Molly turned to face Alan. Sitting forward, he folded his hands in front of him. "Molly will essentially take over what I've been doing. To be honest, she's better suited to it than I am. She has the ability, background, youth, and the understanding required to make the Bulletin stand out among its competitors. We used to be one of the most read papers on the Oregon coast and we all know those numbers have dwindled. I won't say it's not my fault, because in part, it is. Maybe if I'd had the same passion for reporting as my father or grandfather, I'd have done a better job keeping us afloat. But I made a commitment to my family and the way I see it is, Molly's our best chance at me keeping my promise. While she's doing that, my goal is to up our revenue and get more businesses — especially some of the new ones, working with us. So to answer your question, her job title is ... vast. She'll do a little bit of everything and yes, that includes assigning stories."
When she'd contacted Alan about the job, they'd had a long conversation about the newspaper's history, as well as his family's, in the town. He'd followed his path, as his father had expected him to, but in today's market, he wasn't giving the public anything they couldn't easily live without. From what she'd seen, the Bulletin posted articles that barely passed as puff pieces: What was on sale at the market, what the local kids had been up to in their free time, and an up-to-date account of city hall's agenda. Hardly captivating stuff.

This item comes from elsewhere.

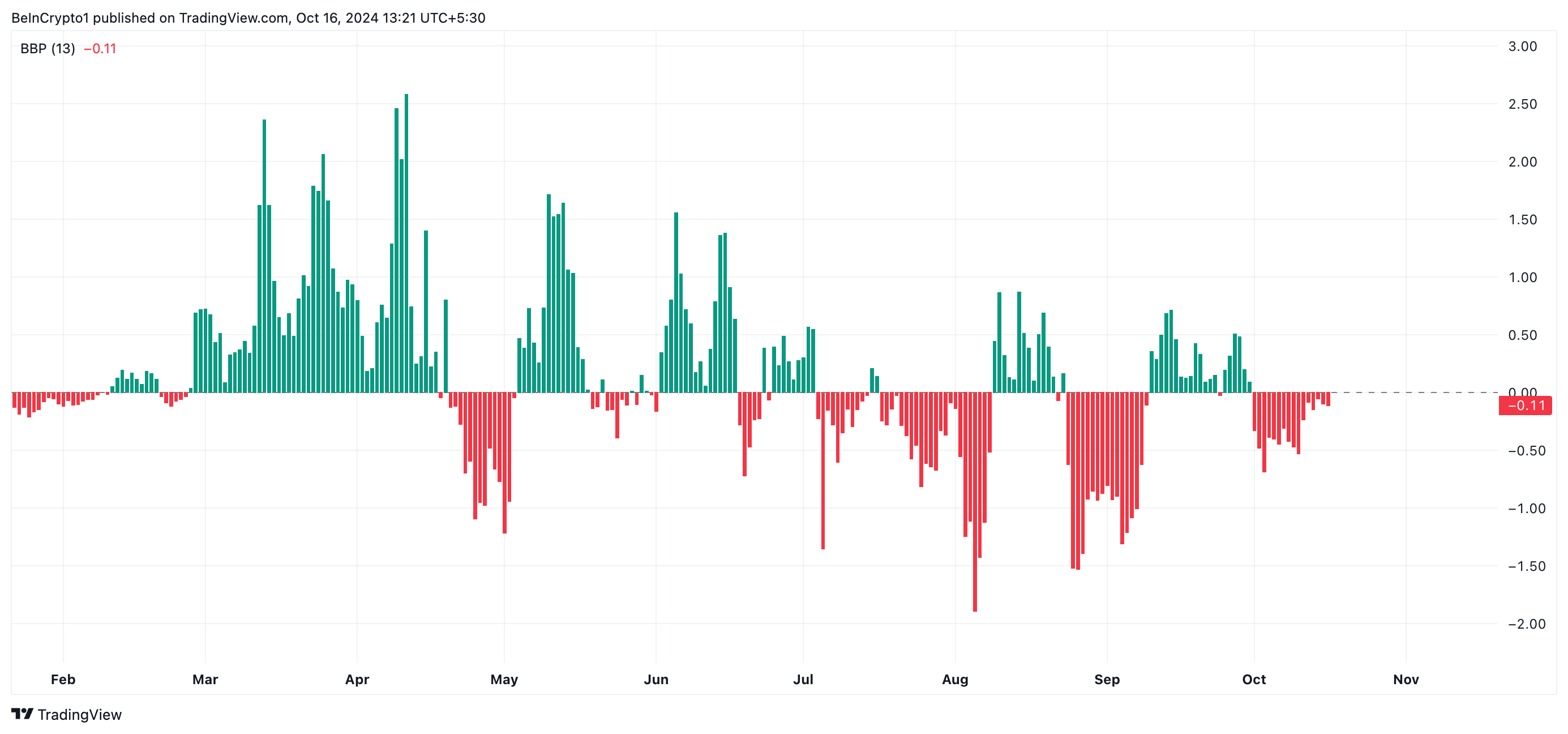 Отрицательные значения индекса Elder-Ray тоже подтверждают этот вывод. Сейчас данный индикатор, который анализирует давление покупателей и продавцов, находится ниже нуля — на уровне -0,11. Отрицательный индекс говорит о том, что на рынке преобладают медведи.

Molly hoped to deepen and strengthen the news they were sharing, regardless of Vernon's reluctance, which was seeming a lot like jealousy at this point. Alan hadn't mentioned anyone in-house wanting the position, but why would he? If he had, would she have thought twice? No. If Alan thought she was the best person for the job and Vernon had an issue with that, it wasn't her problem. At least, she hoped it wouldn't be.
"I, for one, would like to see this newspaper last for another hundred years, so I'm happy to take your advice, Molly," Elizabeth said.
"We talk a lot about the impact of the digital world on hard-copy news in class," Hannah said.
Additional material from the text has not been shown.